From the helix figures as well as the $R^2$ analysis, we can see that—for the most part—the helices provide an impressively good fit to not only the embeddings, but also the unembeddings. Together, this provides suggestive evidence that helical structure is important from beginning to end in the model’s computation. This mirrors recent work number helices in LLMs (see Section 1). Corroborated across architectures and even at model sizes this small, these findings suggests that helical structure may be the most compact representation of base addition with multiple digits—future work might study group representations of the group multi-digit base representation worked out in my thesis.

4.2. Future Directions

There are a variety of future directions from this very preliminary first study, which I intend to follow-up on in the posts to come.
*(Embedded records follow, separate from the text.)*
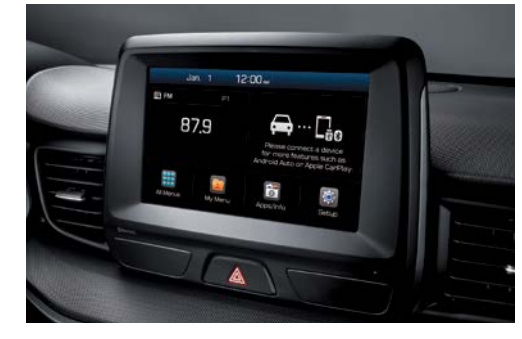
7" touch screen display
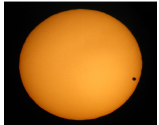
Transit of Venus by Jon Blum
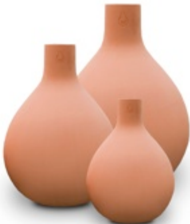
Olla irrigation GrowOya.com
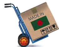
Make in Bangladesh Global Duty Free Exports
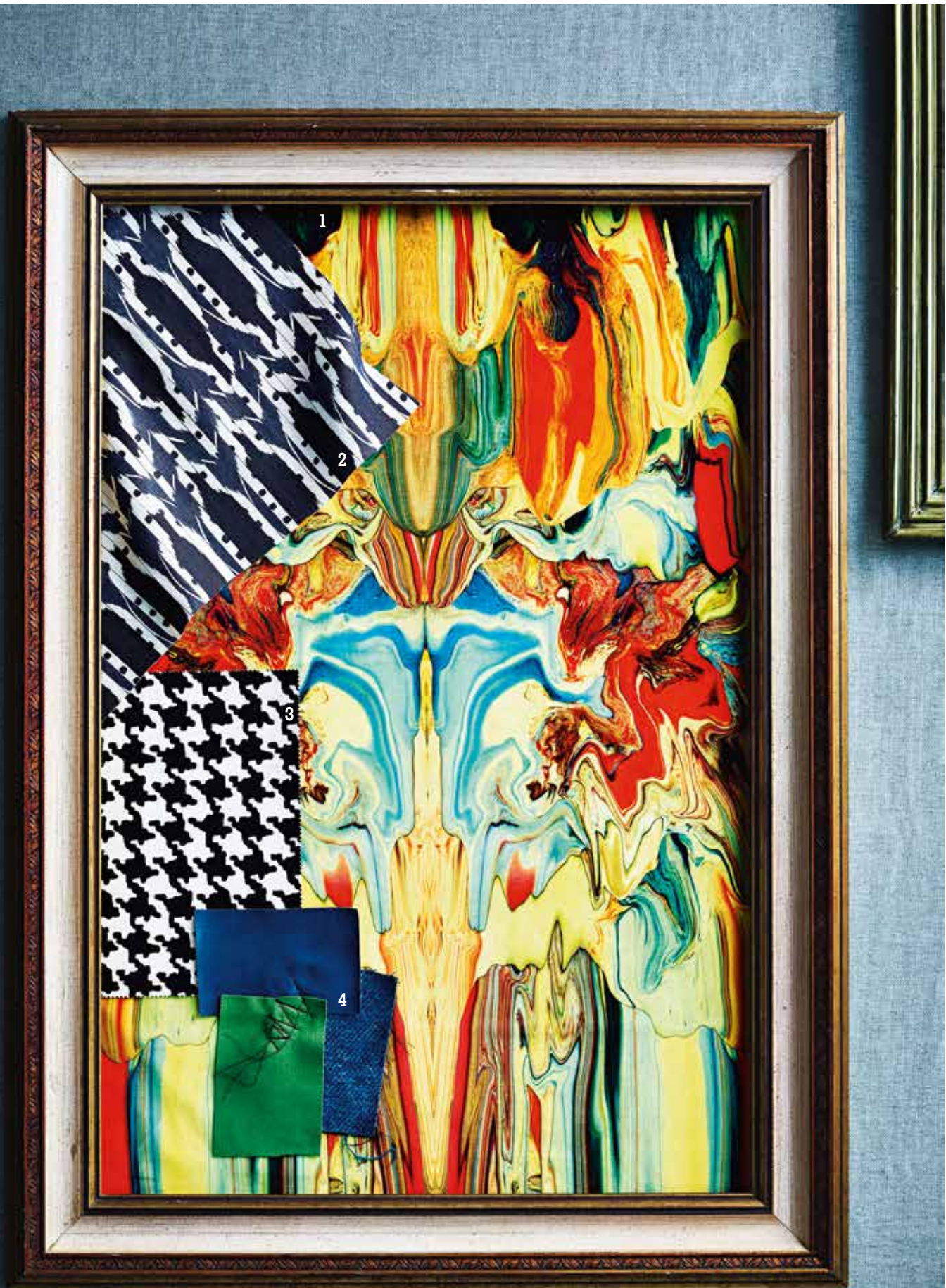
IN FRAME, FROM TOP: 1. Timorous Beasties 'Marble Gun' in Original (as background); enquiries to South Pacific Fabrics. 2. 'Nias' in Bleu; enquiries to Unique Fabrics . 3. Alcantara 'Roma 1001' in Black Print; enquiries to South Pacific Fabrics. 4. 'Global Suede' in Kingfisher, 'Cumulus' in Lime and 'Dino' in Kingfisher; all enquiries to Warwick . Bistro mirror with moulded brass frame (top right), $1100; Kontor 255. Vintage frame (bottom left), POA; ACME Framing. 5. Jim Thompson 'Shaker Chic' in Moonstone (as background); enquiries to Milgate. Vintage frame, POA; ACME Framing.

Extend to other carry functions: In my thesis, I use group cohomology to formally construct base addition, and in the process reveal many alternative ways of carrying. This provides the setup for the rest of the paper, which analyzes inductive biases of neural networks in terms of the complexity of different carry functions. In this post, I just focus on the standard carry, but I intend to replicate this for other carry functions in bases 3 to 10. If they too display helices according to their particular systems, this provides further evidence that the helices are causally relevant to computation.
Causal analysis: Going beyond representation to causation is an important step in interpretability, and it would be interesting to do so here as well—activation patching of the helix embeddings would be a first-step to look into. In particular, this might help to isolate how carrying from is represented—e.g., by ablating along the helix’s linear component.